Re: autovacuum not prioritising for-wraparound tables

From: Christopher Browne <cbbrowne(at)gmail(dot)com>
To: Robert Haas <robertmhaas(at)gmail(dot)com>
Cc: Pg Hackers <pgsql-hackers(at)postgresql(dot)org>
Subject: Re: autovacuum not prioritising for-wraparound tables
Date: 2013-02-01 22:43:04
Message-ID: CAFNqd5Vwf2TWUHNFwUy25z6HnSOTJq59b60=zR+KsV+qWXAJ_g@mail.gmail.com
Views: Raw Message | Whole Thread | Download mbox | Resend email
Thread:
Lists: pgsql-hackers

On Fri, Feb 1, 2013 at 4:59 PM, Robert Haas <robertmhaas(at)gmail(dot)com> wrote:
> On Thu, Jan 31, 2013 at 3:18 PM, Alvaro Herrera
> <alvherre(at)2ndquadrant(dot)com> wrote:
>> My intention was to apply a Nasby correction to Browne Strength and call
>> the resulting function Browne' (Browne prime). Does that sound better?
>
> /me rests head in hands. I'm not halfway clever enough to hang with
> this crowd; I'm not even going to touch the puns in Chris' reply.

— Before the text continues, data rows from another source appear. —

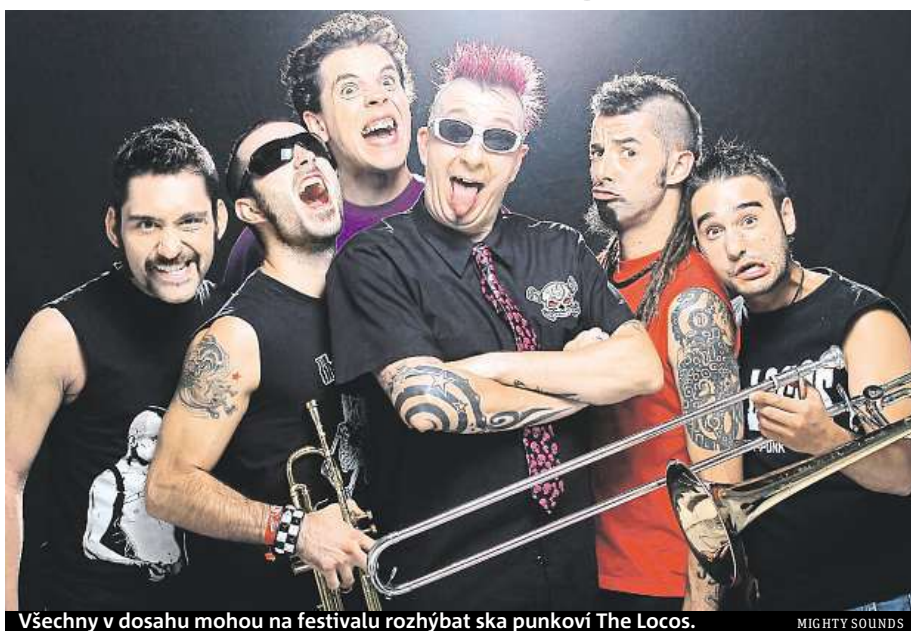
Všechny v dosahu mohou na festivalu rozhybat ska punková The Locos.

Hlavními hvězdami táborského hudebního festivalu Mighty Sounds budou drum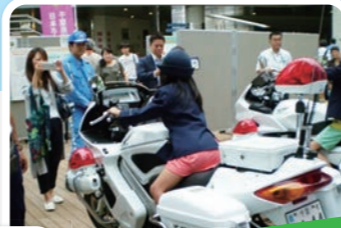
白バイに乗ってみよう！

「青少年の日」である9月の第3土曜日に開催！ いろいろな体験ができるよ！ぜひ遊びに来てね！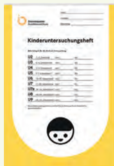
Lênivîsa pişkinînan (U-Heft) bi vî rengî ye.

Ev pişkinînen han zor giring in. Ji kerema xwe re, ji ber wê hindê pêdivî ye, ku hun pişkinînan bi cedî bistînin û herdem di gel xwe wê lênivîsa pişkinînan (U-Heft) û lênivîsa vaksînlêdanê ya zaroka xwe bînin. Ew pişkinîn ji bo tendurustiya zaroka we ye.

It's Friday... Fun needs to be had :-).

>> Now seriously, I did experiment a bit with this and it seems to behave
>> reasonably. Of course, there might be problems with it, and I don't
>> oppose to changing the name. "Vacuum strength" didn't sound so great,
>> so I picked the first term that came to mind. It's not like picking
>> people's last names to name stuff is a completely new idea; that said,
>> it was sort of a joke.
>
> I don't think I really understand the origin of the formula, so
> perhaps if someone would try to characterize why it seems to behave
> reasonably that would be helpful (at least to me).
>
>> f(deadtuples, relpages, age) =
>> deadtuples/relpages + e ^ (age*ln(relpages)/2^32)
>
> To maybe make that discussion go more quickly let me kvetch about a
> few things to kick things off:
>
> - Using deadtuples/relpages as part of the formula means that tables
> with smaller tuples (thus more tuples per page) will tend to get
> vacuumed before tables with larger tuples (thus less tuples per page).
> I can't immediately see why that's a good thing.

That wasn't intentional, and may be somewhat unfortunate.

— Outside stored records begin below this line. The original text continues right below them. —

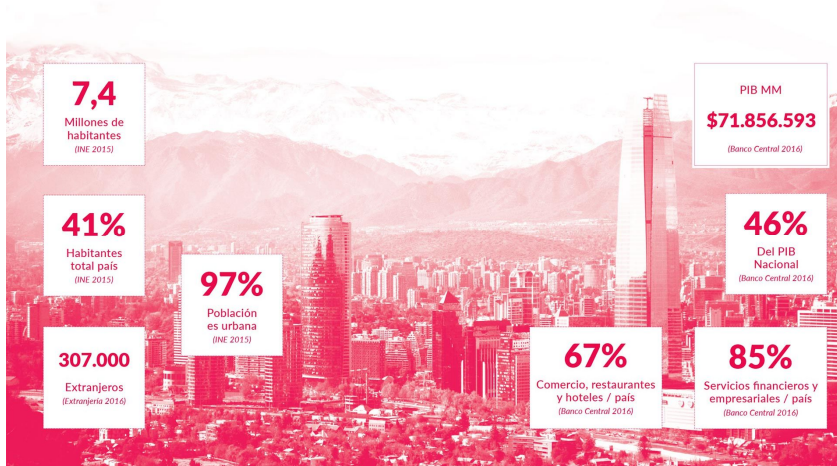
Potencial del Gran Santiago para ser una Smart City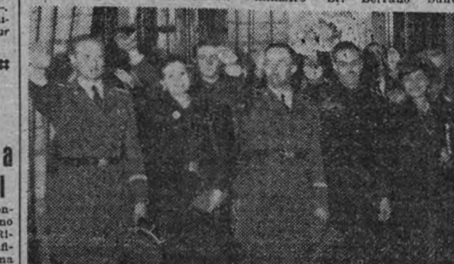
El jefe de la Policía alemana con el ministro-vicepresidente del Partido, la secretaria general de Auxilio Social y otras personalidades, en el hogar de esta obra de hermandad en la calle de María de Molina.

(Viene de primera página.) Una información sobre la presencia y actividad en España del jefe de la Policía alemana y de las Milicias S. S., doctor Himmler. En los titulares se pone de relieve la cordial acogida dispensada por el pueblo español al colaborador íntimo del Führer.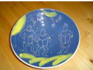
Week 25 en 26

In deze serie kiezen we eens niet voor de gladde, en vaak glanzende glazuren waarmee meestal gewerkt wordt. We gaan experimenteren met glazuren die textuur in zich hebben. Een schrompelglazuur past niet mooi om de scherf heen; het trekt zicht terug en vloeit niet egaal uit. Een craqueléglazuur vertoont grote of kleine scheurtjes. Een vulkanisch glazuur heeft een korstachtig oppervlak. We krijgen het recept van een kleurloze basis, en je kunt zelf experimenteren met kleurende oxides.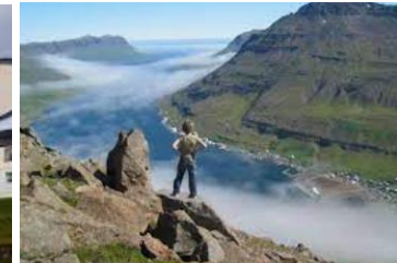
Les fjords de l'Est

I picked values that I knew could be easily grabbed, and we don't
have an immediate tuples-per-page estimate on pg_class. An
estimate should be available in pg_statistic; I'm not sure that the
bias from this hurts things badly.

> - It's probably important to have a formula where we can be sure that
> the wrap-around term will eventually dominate the dead-tuple term,
> with enough time to spare to make sure nothing really bad happens; on
> the other hand, it's also desirable to avoid the case where a table
> that has just crossed the threshold for wraparound vacuuming doesn't
> immediately shoot to the top of the list even if it isn't truly
> urgent. It's unclear to me just from looking at this formula how well
> the second term meets those goals.

I think the second term *does* provide a way for wraparound to dominate;
splitting it apart a bit...

Consider...

age * ln(relpages)
e^ ----------------------------------
2^32

The wraparound portion of this involves age/2^32... In the beginning, the
numerator will be near zero, and denominator near 2 billion, so is roughly
1. As age trends towards 2^32, the fraction (ignoring ln(relpages)) trends
towards 1, so that the longer we go without vacuuming, the more certain
that the fraction indicates a value near 1. That *tends* to give you something
looking like e^1, or 2.71828+, ignoring the relpages part.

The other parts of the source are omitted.